By the end of 2014, roughly 1000 research papers had been published that mentioned CRISPR.[3][4] The technology had been used to functionally inactivate genes in human cell lines and cells, to study Candida albicans, to modify yeasts used to make biofuels and to genetically modify crop strains.[4] Hsu and his colleagues state that the ability to manipulate the genetic sequences allows for reverse engineering that can positively affect biofuel production [5] CRISPR can also be used to change mosquitos so they cannot transmit diseases such as malaria.[6] CRISPR-based approaches utilizing Cas12a have recently been utilized in the successful modification of a broad number of plant species.[7]

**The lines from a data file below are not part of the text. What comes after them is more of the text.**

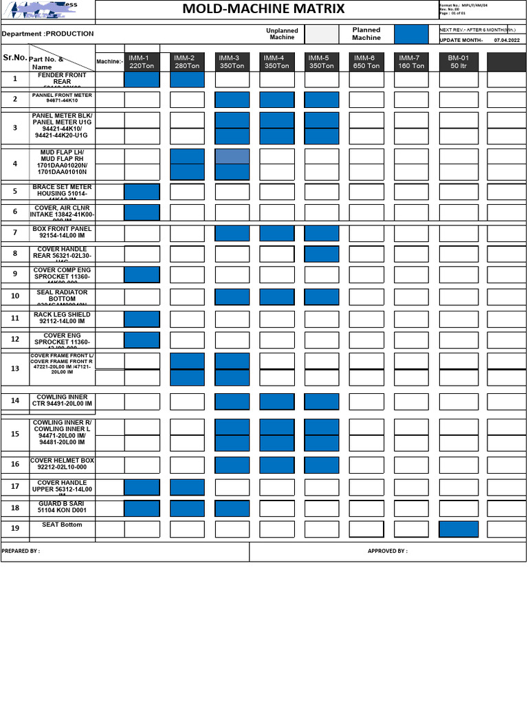 4 Mold Machine Matrix | PDF | Motor Vehicle | Land Vehicles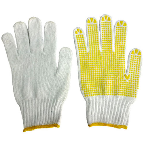 Găng tay phủ hạt nhựa vàng được sản xuất trên dây chuyền hiện đại, nguồn nguyên liệu được lựa chọn cẩn thận. Sản phẩm găng tay được kiểm tra kỹ lượng, tỷ lệ lỗi rất thấp, đường may chính xác, cotton có độ bền cao.
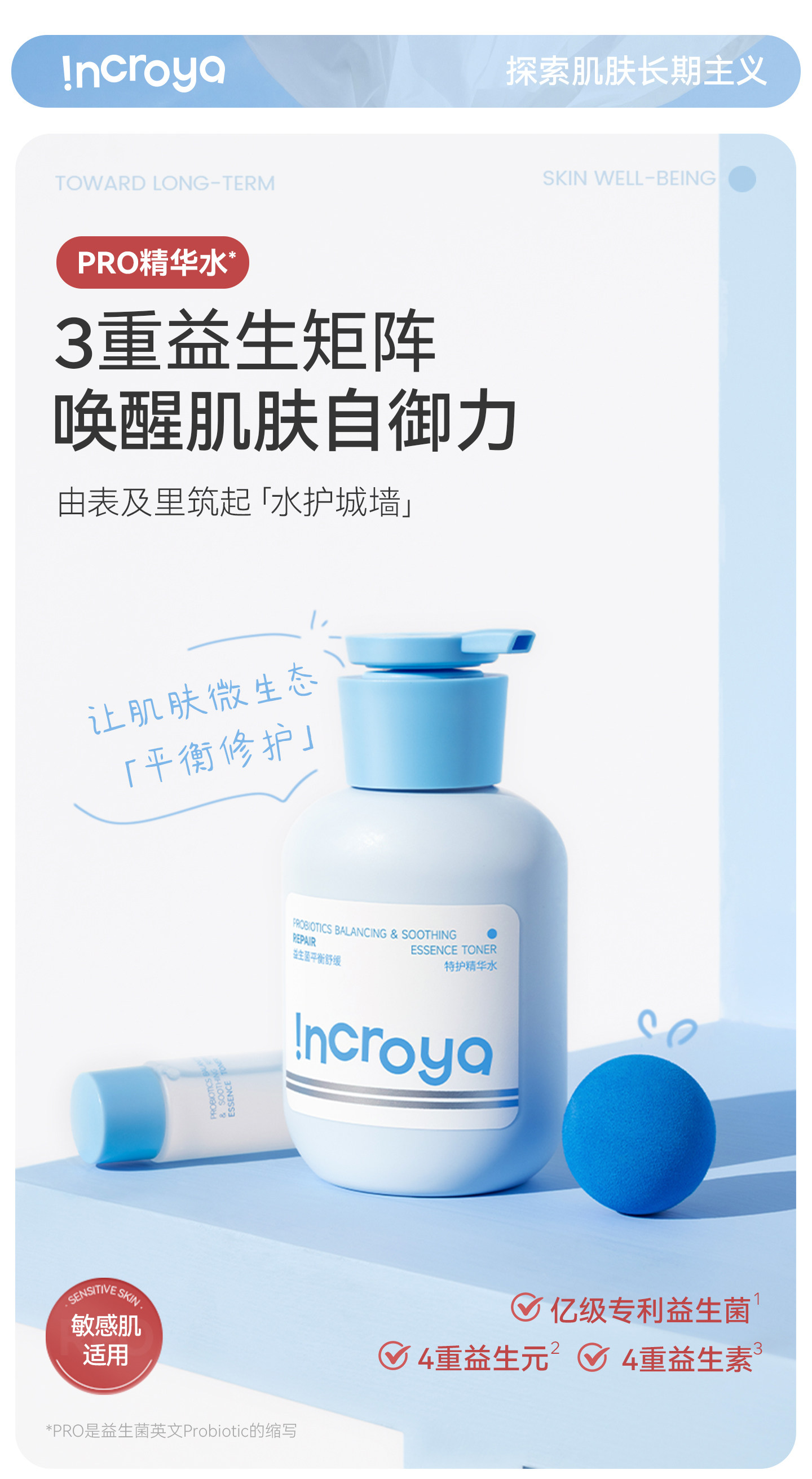 INCROYA、益生菌Pro精华水、补水爽肤、保湿护肤、湿敷舒缓、敏感肌适用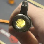 Muzzle wear reads 2, and throat erosion reads slightly over 2 on a M1 Garand scale for what it's worth. Rifling is still nice and sharp, and the bore looks quite shiny with some G96 oil. Front sight base is also present.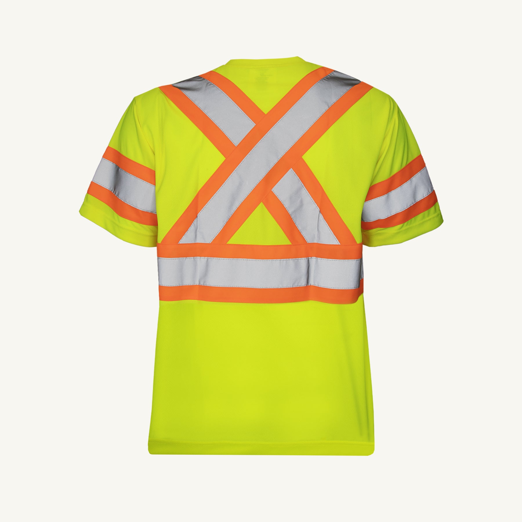 T-shirt de signalisation jaune haute visibilité avec bandes rétroréfléchissantes droites pour une visibilité à 360°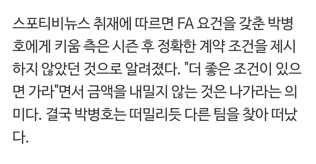 히어로즈는 박병호에게 제대로 된 계약조건을 제시한 적도 없음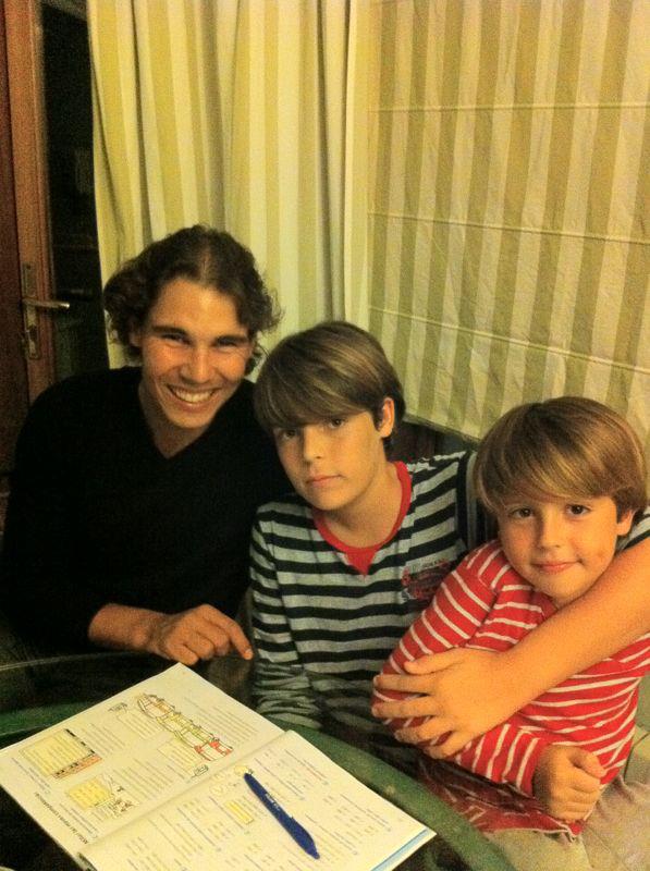 Rafael Nadal a du temps pour lui avec sa blessure. Entre deux séances d’entraînement physique, le numéro quatre mondial en profite pour diversifier ses activités. En promotion pour Poker Stars, il a aussi réservé un peu de temps pour sa famille. Et plus précisément pour ses deux petits cousins ! Le Majorquin a visiblement aidé les deux jeunes à faire leurs devoirs, tout simplement. On peut être un grand champion et garder les pieds sur terre !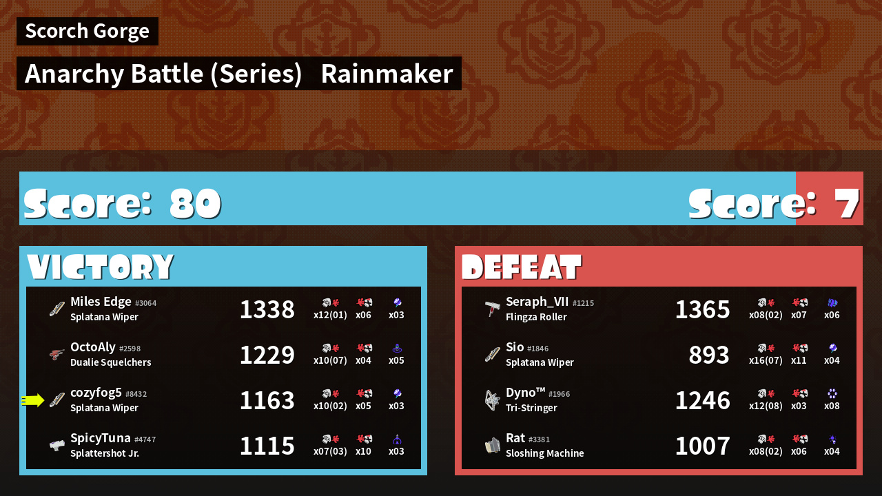 | Medals | #1 Rainmaker Stopper #1 Ultra Stamp User #2 Overall Splatter | ||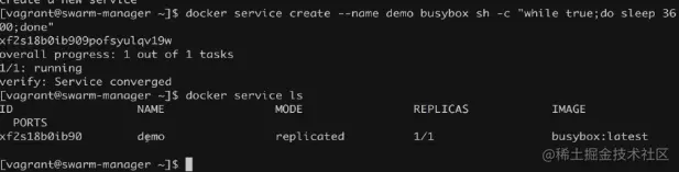 docker service create --name demo busybox sh -c "while true;do sleep 3600;done"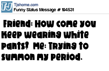 X says Friend: How come you keep wearing white pants? Me: Trying to summon my period.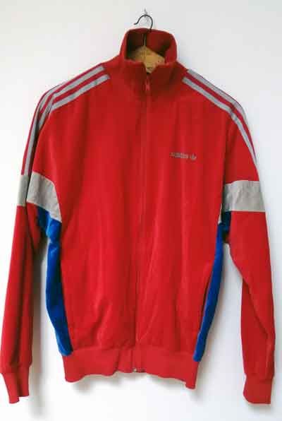 Magnifique veste challenger adidas rouge, bleue, grise avec fermeture zip et 2 poches côté.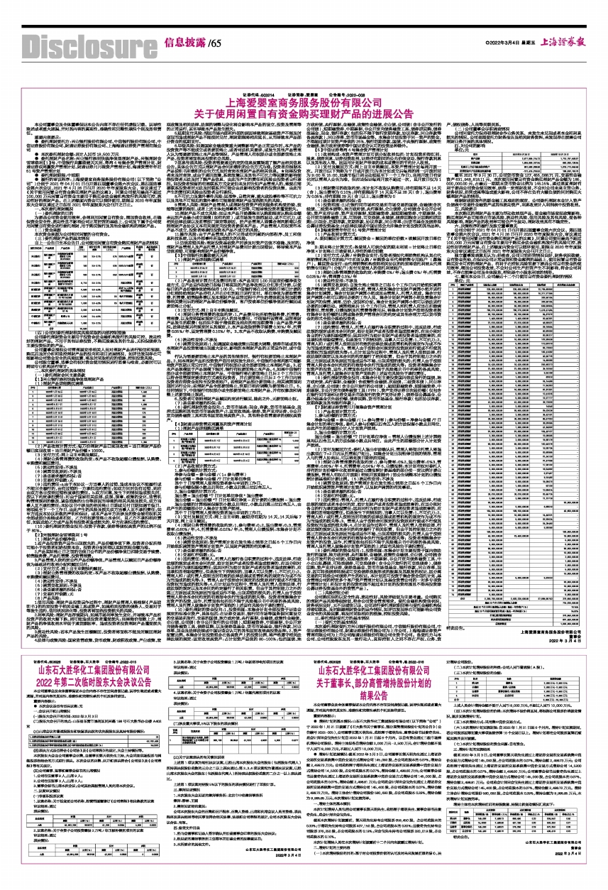 证券代码:603026 证券简称:石大胜华 公告编号:临2022-016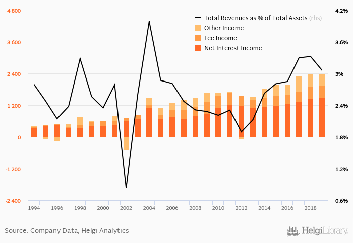 Bank's total revenues accounted for 3.06% total assets in 2019, down from 3.32% a year earlier.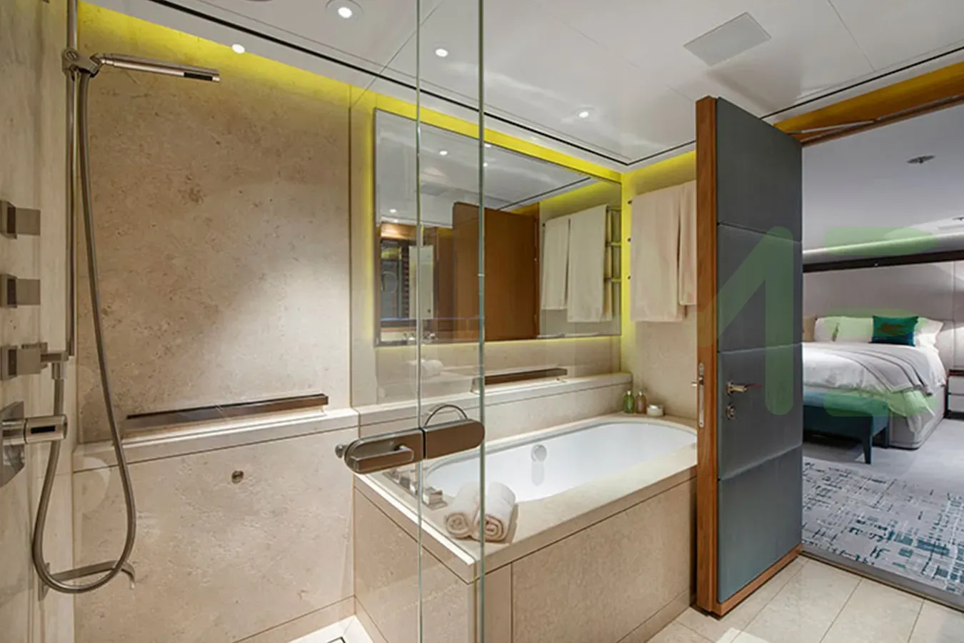 Her features include a spa, sauna, elevator, underwater lights, beach club, gym, deck jacuzzi, WiFi and air conditioning.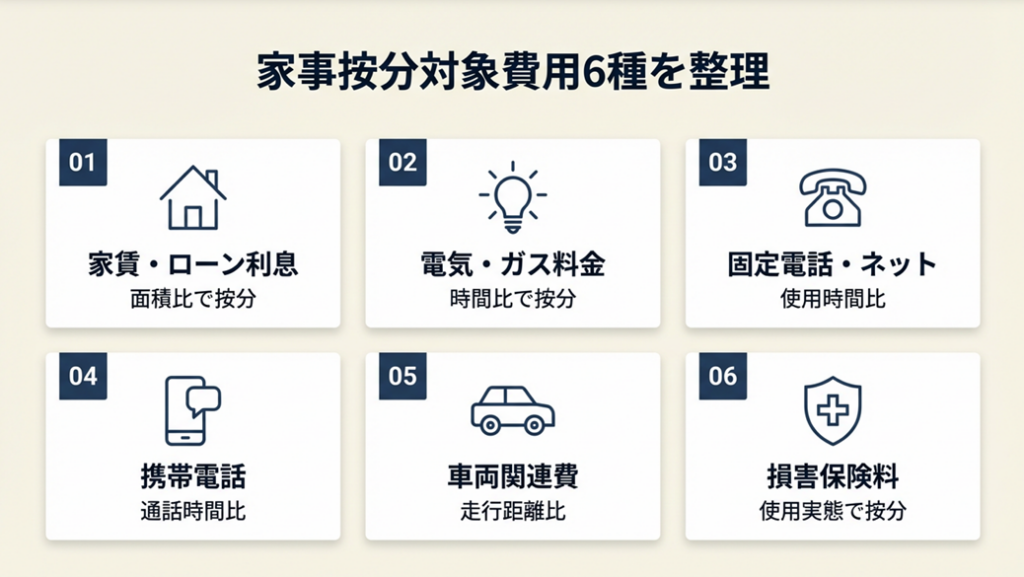 | どの費用が対象か確認したい | 家事按分の対象費用は6種で整理 | 3分 |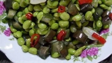 青豆炒茄来自丝是以茄子,青豆为原料制作而成的一道美食。

In July 2019, CRISPR was used to experimentally treat a patient with a genetic disorder. The patient was a 34-year-old woman with sickle cell disease.[8]

In February 2020, progress was made on HIV treatments with 60-80% of the integrated viral DNA removed in mice and some being completely free from the virus after edits involving both LASER ART, a new anti-retroviral therapy, and CRISPR.[9]

In March 2020, CRISPR-modified virus was injected into a patient's eye in an attempt to treat Leber congenital amaurosis.[10]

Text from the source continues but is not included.